The selected site had a significant slope, which made the property undesirable for a building. But the architects said “Challenge accepted!” and designed a three-tiered structure that takes advantage of the landscape by providing ample daylighting and room for solar panels on the top of every level.
Natural daylight not only provides free illumination, it also promotes good health and productivity. Sunlight causes the body to produce Vitamin D, which helps alleviate Seasonal Affective Disorder. Also, our bodies have evolved to interpret midday sunlight as a sign to be alert, so natural daylighting helps students to pay attention. LED lights tuned to the “cool” end of the spectrum supplement the natural light.

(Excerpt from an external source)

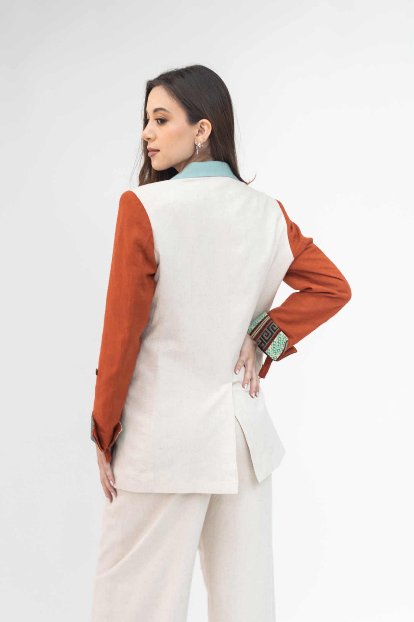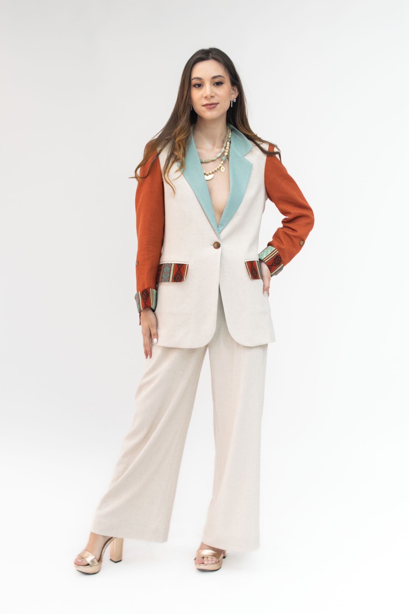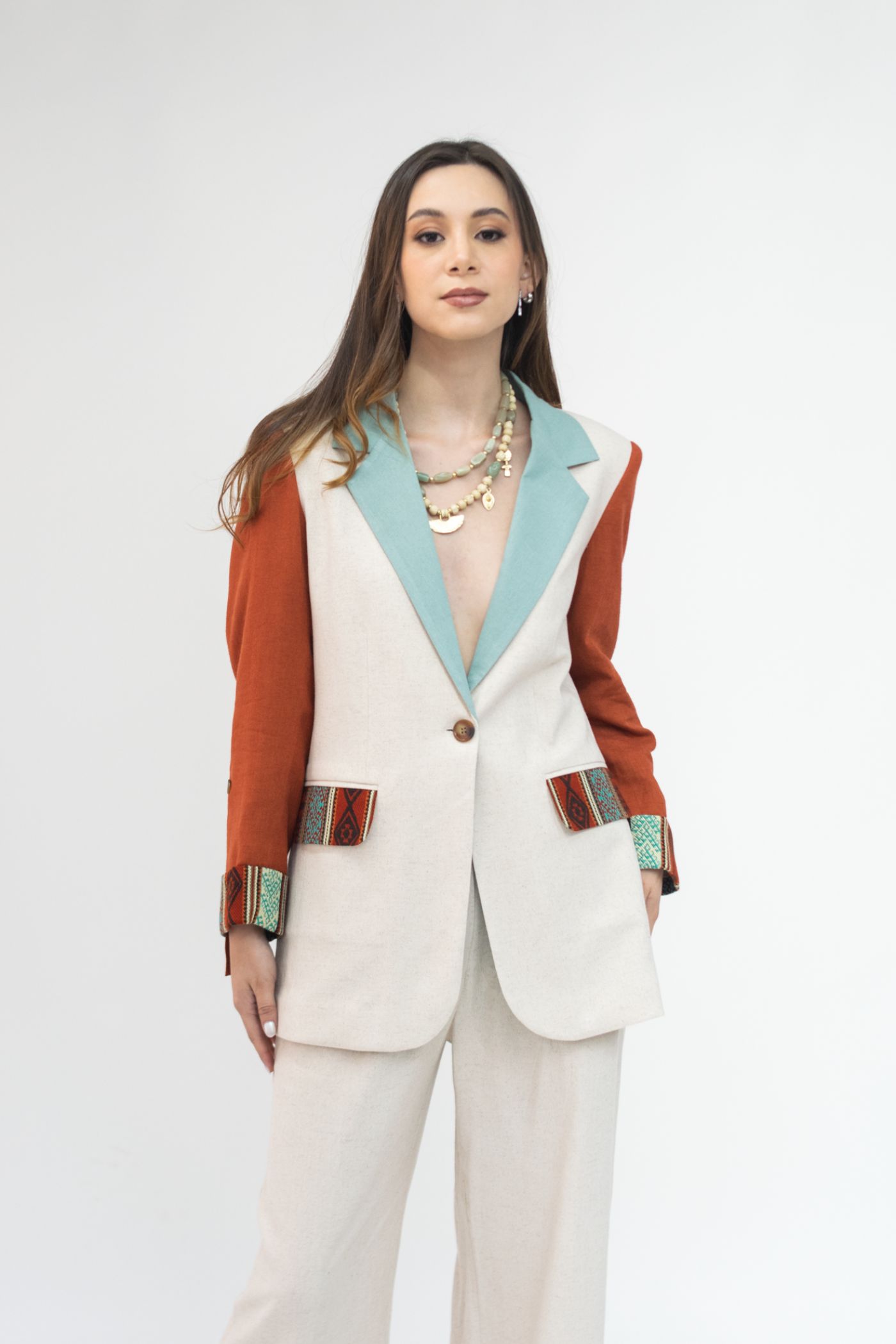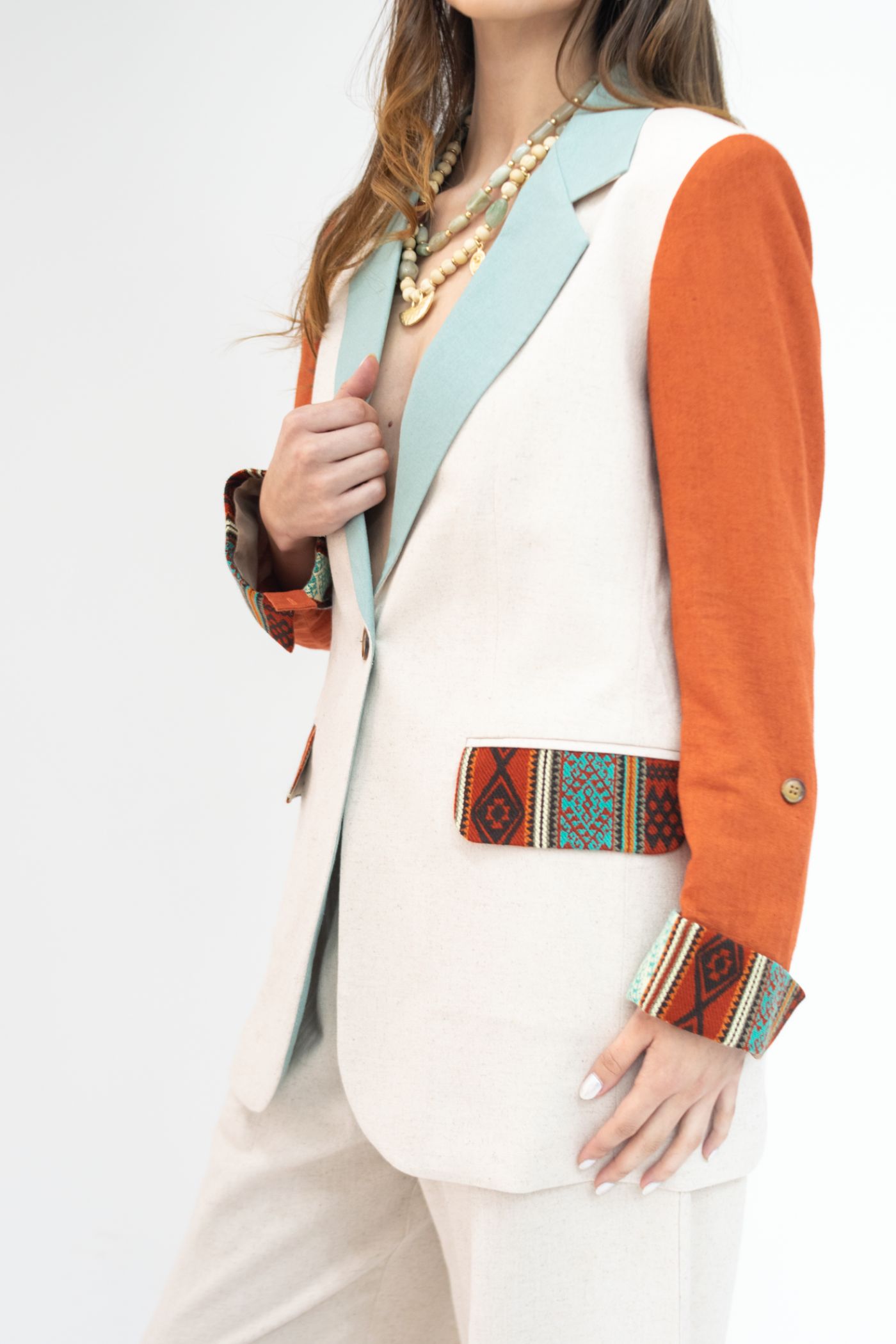 Blazer semientallado de parches de lino colores beige, terracota, menta con manga recogida, detalle de tejido étnico tonos terracota/turquesa en carpetas y borde de mangas, con forro interno.

Comfort levels also affect learning, and if you’ve been in a large building that has a central HVAC system, then you know that some rooms are too hot, others too cold, and if you’re lucky, a few hit the “Goldilocks Zone.” It turns out that a school is the perfect sized building for a geothermal heating and cooling system, also known as a ground-source heat pump. But rather than one large geothermal field and massive heat pump, the engineers designed an HVAC system that uses 130 geothermal wells with several smaller heat pumps to control different parts of the building. Instead of a few rooms reaching the optimal temperature, every room is adequately heated or cooled. That’s also an energy-saving feature, as rooms that are unused at the time don’t need heating or cooling.
Proper lighting? Check. Comfortable temperature? Check. What else? How about the building itself serving as a living laboratory in which lessons can be integrated?
Discovery’s classrooms are outfitted with smart whiteboards that function as any other smartboard, but with access to the school’s energy dashboard. Students can see how much power the solar array generates during various times of day and can track its total energy production.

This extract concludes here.